‘Land grab’ farmers receive payments
Publish date: 14 April 2025
Issue Number: 1121
Diary: IBA Legalbrief Africa
Category: Zimbabwe
Zimbabwe issued Treasury bonds worth $308m and made small cash payments to white farmers who were dispossessed of their property 25 years ago under a state-backed land reform programme, reports Fin24. The payments are the first under a so-called ‘Global Compensation Deed’ signed in 2020 between the state and the former farm owners in which Zimbabwe committed to paying $3.5bn for improvements done on the farmland. A Land Compensation Committee has approved compensation for 740 former farm owners, with the first 378 farmers paid 1% of the total compensation value of $311m in late March as well as receiving Treasury bonds, Finance Minister Mthuli Ncube said.
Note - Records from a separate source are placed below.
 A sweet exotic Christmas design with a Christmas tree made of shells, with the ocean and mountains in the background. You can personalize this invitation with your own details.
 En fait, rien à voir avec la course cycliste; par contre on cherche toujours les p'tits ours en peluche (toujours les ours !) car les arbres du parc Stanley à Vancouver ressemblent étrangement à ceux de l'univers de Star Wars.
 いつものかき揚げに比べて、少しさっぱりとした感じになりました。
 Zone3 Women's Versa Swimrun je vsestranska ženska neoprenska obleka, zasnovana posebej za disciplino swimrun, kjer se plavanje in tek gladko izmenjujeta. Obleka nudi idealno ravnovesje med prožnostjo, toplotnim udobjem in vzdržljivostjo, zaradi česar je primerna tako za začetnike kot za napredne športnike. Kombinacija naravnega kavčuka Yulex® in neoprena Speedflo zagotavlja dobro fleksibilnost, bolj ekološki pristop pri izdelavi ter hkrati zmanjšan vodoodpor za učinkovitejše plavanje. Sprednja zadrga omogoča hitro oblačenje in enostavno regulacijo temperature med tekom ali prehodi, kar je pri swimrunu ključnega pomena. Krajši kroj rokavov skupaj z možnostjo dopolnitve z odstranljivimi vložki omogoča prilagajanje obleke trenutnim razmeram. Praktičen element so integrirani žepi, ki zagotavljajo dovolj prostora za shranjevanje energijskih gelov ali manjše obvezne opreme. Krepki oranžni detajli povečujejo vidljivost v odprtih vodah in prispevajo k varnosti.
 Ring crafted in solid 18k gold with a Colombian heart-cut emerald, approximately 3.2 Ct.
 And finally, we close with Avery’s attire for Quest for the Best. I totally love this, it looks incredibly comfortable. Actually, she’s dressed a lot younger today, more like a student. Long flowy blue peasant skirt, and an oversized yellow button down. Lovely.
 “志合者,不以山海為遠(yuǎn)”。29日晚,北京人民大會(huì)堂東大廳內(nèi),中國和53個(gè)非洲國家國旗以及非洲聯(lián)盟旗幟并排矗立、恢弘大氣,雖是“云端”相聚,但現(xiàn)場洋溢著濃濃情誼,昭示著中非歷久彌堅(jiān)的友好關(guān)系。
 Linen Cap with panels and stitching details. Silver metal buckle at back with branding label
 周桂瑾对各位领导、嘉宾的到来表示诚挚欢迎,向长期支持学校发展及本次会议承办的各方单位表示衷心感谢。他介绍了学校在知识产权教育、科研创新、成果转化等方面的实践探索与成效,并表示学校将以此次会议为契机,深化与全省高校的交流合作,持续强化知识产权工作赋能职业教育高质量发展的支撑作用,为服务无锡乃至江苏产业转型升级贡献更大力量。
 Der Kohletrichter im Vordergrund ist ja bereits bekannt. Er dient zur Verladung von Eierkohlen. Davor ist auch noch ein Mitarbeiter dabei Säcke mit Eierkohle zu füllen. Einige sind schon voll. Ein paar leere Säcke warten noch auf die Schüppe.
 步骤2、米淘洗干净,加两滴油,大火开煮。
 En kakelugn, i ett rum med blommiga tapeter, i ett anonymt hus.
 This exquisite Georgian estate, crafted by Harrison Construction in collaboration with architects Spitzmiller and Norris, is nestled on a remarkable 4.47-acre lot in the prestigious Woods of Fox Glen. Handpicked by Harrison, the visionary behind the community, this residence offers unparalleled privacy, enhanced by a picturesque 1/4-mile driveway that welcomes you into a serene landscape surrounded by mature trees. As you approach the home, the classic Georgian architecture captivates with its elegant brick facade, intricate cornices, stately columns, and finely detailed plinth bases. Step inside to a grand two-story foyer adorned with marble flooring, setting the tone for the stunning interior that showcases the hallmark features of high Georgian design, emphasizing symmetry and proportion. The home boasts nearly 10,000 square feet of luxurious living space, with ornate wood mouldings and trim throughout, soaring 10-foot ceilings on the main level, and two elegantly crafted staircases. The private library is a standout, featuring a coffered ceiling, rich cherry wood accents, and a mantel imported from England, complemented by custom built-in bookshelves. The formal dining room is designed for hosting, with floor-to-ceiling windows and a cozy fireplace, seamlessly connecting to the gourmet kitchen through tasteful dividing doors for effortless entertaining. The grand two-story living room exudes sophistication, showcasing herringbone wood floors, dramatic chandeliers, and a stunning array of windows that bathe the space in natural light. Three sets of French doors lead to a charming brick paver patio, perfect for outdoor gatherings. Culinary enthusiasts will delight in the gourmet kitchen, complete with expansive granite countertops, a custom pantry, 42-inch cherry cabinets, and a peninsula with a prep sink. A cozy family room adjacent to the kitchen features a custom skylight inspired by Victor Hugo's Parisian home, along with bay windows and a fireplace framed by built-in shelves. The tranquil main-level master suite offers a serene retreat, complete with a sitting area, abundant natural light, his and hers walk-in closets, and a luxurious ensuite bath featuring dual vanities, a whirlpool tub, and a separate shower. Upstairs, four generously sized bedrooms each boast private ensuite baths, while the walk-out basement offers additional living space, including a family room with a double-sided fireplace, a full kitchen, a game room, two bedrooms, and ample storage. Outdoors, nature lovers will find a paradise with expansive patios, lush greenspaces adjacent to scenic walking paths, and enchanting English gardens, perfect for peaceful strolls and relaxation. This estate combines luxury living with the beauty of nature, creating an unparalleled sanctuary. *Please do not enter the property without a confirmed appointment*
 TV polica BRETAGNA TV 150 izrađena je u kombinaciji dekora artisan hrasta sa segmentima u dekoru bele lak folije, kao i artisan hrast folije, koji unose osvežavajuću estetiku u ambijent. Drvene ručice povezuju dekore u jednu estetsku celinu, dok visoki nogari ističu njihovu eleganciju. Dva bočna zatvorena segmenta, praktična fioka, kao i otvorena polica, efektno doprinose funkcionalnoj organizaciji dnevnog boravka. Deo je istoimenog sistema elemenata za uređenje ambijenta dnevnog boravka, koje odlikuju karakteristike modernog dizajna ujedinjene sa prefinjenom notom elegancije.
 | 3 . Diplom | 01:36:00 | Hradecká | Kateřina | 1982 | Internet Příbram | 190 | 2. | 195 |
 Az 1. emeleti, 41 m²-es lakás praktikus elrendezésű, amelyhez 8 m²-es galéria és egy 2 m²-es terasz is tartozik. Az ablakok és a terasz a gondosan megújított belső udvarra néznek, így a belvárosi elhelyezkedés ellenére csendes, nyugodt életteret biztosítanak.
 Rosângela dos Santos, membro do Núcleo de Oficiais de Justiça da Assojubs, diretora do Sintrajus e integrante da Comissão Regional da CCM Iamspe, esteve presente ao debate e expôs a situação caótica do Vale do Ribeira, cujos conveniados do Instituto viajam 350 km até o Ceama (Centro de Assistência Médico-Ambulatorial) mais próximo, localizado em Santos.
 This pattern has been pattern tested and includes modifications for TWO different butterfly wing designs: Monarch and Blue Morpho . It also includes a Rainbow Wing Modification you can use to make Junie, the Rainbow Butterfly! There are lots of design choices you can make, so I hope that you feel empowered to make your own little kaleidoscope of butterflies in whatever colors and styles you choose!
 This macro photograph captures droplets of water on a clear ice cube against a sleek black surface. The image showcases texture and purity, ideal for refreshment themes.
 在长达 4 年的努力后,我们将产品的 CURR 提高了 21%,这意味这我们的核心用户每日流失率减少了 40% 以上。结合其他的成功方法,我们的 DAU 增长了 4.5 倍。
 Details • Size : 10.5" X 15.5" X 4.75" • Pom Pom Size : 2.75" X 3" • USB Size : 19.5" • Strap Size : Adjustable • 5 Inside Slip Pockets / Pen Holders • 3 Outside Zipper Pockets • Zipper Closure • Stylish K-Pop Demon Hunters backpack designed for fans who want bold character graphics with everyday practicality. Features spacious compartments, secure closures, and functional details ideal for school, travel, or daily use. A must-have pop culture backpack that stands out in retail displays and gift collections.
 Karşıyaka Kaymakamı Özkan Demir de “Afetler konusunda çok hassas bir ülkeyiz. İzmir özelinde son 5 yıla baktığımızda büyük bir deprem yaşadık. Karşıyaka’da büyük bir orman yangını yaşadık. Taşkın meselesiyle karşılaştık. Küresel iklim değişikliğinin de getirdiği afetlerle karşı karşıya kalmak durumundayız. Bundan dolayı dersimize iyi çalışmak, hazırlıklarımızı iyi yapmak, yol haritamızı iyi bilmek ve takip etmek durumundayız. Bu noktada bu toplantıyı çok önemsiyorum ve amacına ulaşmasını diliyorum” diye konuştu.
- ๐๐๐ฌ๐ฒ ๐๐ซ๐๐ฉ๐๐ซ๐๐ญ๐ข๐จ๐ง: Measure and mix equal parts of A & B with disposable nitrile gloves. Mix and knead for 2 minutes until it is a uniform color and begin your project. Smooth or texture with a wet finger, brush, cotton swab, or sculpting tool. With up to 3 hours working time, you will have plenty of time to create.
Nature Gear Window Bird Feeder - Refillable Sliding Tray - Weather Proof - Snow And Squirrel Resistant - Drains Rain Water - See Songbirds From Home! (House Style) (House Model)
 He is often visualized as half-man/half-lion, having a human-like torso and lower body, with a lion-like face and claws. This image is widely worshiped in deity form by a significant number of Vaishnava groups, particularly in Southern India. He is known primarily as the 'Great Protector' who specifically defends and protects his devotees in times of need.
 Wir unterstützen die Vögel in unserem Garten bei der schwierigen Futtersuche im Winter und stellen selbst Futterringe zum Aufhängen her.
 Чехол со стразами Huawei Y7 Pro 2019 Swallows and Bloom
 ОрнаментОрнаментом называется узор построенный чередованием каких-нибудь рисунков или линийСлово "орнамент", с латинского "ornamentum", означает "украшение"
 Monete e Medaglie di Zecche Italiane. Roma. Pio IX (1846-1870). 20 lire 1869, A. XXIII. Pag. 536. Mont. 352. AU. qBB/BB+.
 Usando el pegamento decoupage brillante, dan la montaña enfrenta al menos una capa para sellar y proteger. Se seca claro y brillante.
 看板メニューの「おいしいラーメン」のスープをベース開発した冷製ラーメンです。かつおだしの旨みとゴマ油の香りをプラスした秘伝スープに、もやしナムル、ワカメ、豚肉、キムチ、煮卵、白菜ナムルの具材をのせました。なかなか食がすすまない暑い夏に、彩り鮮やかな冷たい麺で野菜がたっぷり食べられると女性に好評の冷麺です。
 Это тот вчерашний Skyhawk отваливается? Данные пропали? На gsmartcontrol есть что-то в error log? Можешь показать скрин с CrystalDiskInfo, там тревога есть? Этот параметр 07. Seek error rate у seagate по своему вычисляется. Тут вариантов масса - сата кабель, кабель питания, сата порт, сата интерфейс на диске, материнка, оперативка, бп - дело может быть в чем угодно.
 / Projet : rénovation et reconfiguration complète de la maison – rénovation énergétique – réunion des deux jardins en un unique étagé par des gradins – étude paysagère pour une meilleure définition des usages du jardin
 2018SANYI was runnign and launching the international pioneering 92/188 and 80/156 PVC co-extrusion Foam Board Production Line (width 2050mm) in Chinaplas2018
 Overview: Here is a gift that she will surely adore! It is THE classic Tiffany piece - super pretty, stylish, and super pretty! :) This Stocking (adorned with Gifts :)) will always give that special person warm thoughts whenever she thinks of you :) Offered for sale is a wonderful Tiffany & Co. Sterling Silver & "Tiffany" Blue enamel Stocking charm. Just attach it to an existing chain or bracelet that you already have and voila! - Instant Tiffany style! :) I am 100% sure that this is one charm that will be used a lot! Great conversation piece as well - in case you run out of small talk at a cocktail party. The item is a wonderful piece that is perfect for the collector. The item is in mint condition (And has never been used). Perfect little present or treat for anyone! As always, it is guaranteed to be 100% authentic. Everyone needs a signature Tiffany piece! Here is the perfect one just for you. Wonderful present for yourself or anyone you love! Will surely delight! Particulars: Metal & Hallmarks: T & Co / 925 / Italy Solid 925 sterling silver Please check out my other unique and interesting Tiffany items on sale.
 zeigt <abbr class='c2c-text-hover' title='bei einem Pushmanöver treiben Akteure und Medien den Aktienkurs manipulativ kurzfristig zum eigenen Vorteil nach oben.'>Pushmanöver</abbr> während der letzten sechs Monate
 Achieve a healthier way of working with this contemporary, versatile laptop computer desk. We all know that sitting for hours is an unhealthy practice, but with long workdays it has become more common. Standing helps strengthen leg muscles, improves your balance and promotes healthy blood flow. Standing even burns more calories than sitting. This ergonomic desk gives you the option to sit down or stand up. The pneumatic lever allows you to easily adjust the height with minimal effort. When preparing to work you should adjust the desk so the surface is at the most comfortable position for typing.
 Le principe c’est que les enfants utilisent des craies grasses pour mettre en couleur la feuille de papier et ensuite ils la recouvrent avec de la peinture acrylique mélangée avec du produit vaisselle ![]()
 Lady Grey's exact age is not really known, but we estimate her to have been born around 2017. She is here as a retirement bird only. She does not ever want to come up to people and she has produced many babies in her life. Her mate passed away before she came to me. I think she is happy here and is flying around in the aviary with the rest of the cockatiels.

Following the cash payment the balance is ‘being paid in US dollar denominated Treasury bonds with a 2% coupon and maturities of two to 10 years,' Ncube said. The payment is the latest attempt to resolve the decades-long dispute triggered by former Zimbabwean President Robert Mugabe encouraging veterans of the liberation war to evict farmers and their workers from their land in a bid to win support in a close-fought election in 2000. By 2002, at least seven white farmers had been killed alongside dozens of their workers, Human Rights Watch said. That contributed to sanctions being imposed on Zimbabwean politicians by the US, UK and the European Union leading to Zimbabwe’s protracted fallout with the West.